A man carries grain in baskets on a pole
Shanghai, Winter 2023
The apartment was warm, heated by silent central air conditioning. The only light came from the large OLED TV streaming a period drama and the vibrant screen of Lily Li’s smartphone. Mrs. Li’s granddaughter was curled on a plush sofa, her finger scrolling effortlessly.
A notification popped up: “12.12 SALE! FLASH DEAL! Buy 1 Get 1 Free! Your favorite milk tea shop!”
Without a second thought, Lily tapped. “A dozen Winter Jasmine Milk Teas for the price of six? That’s insane,” she muttered, not in concern, but in delight. “It’s basically free. And delivery is only 3 RMB.”
Her grandmother, now in her eighties and visiting from Beijing, watched from her armchair. “Lily, what are you buying so much for? It will go bad. You can’t drink twelve cups of tea.”

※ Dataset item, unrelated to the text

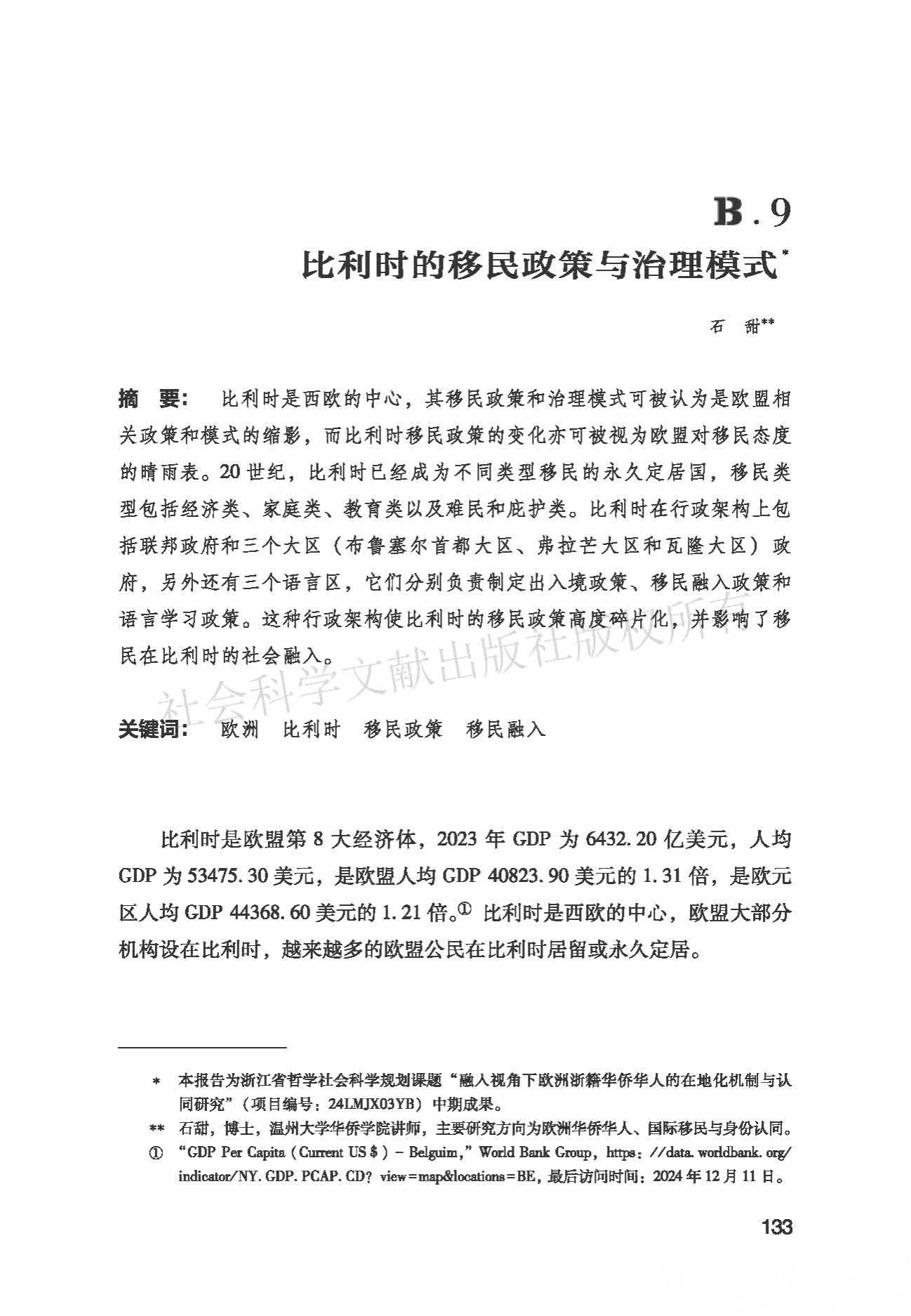 石甜:《比利时的移民政策与治理模式》,《欧洲移民发展报告(2024-2025)》,社会科学文献出版社,2025年12月,第133-152页

“It’s okay, Nainai,” Lily said without looking up. “They’re cheap. I’ll share them at work. No big deal.” The order was placed. Thirty minutes later, a knock announced a delivery driver with a heavy insulated bag. The milk teas—cups crowned with cheese foam and pearls—covered the entire kitchen counter, a forest of plastic and condensation.
Mrs. Li shuffled over, her eyes wide. She picked up a cup, bewildered. This sugary concoction was alien to her, but it wasn’t the drink itself that stunned her. It was the casualness of it all. She thought of the two mackerels she once carried home like treasure, of the ration coupons she had guarded as if they were gold.
“Twelve,” she whispered, almost to herself. “In our time, we would have queued two days for just one… not even for the tea, but for the cup and the straw. We would have reused them for years.”
Lily laughed, snapping a photo for social media. She popped a straw into a cup, drank a quarter, and slid the rest into the double-door refrigerator—already crowded with leftovers, imported fruit, and half-finished takeout. Eleven and three-quarter untouched milk teas now sat beside organic avocados and vintage wine, a monument to abundance.

Xiaohongshu platform: where users post product reviews, give shopping tips,
and talk about themselves.
From Scarcity to Surplus
The story of the Li family spans two worlds. In one, scarcity defined every choice; in the other, abundance shapes every habit.
- From ration books to smartphones: Where Mrs. Li once queued for hours, Lily orders luxuries in seconds. Algorithms now orchestrate consumption, creating urgency not through shortage but through endless flash deals.
- From need to want: Consumption today is rarely about necessity. Lily doesn’t buy milk tea because she’s thirsty—she buys because she can, because the discount makes it irresistible. The act of buying itself has become the point.
- From preservation to disposability: For the grandmother, every object carried meaning. For Lily, objects are replaceable, disposable, and cheap. Waste is normalized.
- From survival to identity: Buying is no longer about subsistence but about self-expression and social connection. Sharing branded drinks with colleagues, posting pictures online—consumption now builds social capital.
Yet across this divide, one thread connects the generations: memory. The grandmother embodies it; the granddaughter seeks to erase it.
Closing Reflection
In the end, Lily’s twelve untouched milk teas are more than a whimsical overindulgence. They are the embodiment of a generational shift: a society that once stood in endless lines for a single ration now buys in bulk, not out of need but out of possibility. For her grandmother, each object once carried weight, purpose, and memory; for Lily, objects are fleeting, disposable, instantly replaceable. Yet beneath the excess lies something more symbolic. Buying isn’t just about utility—it’s about banishing the memory of want, proving with every purchase that deprivation is no longer their inheritance.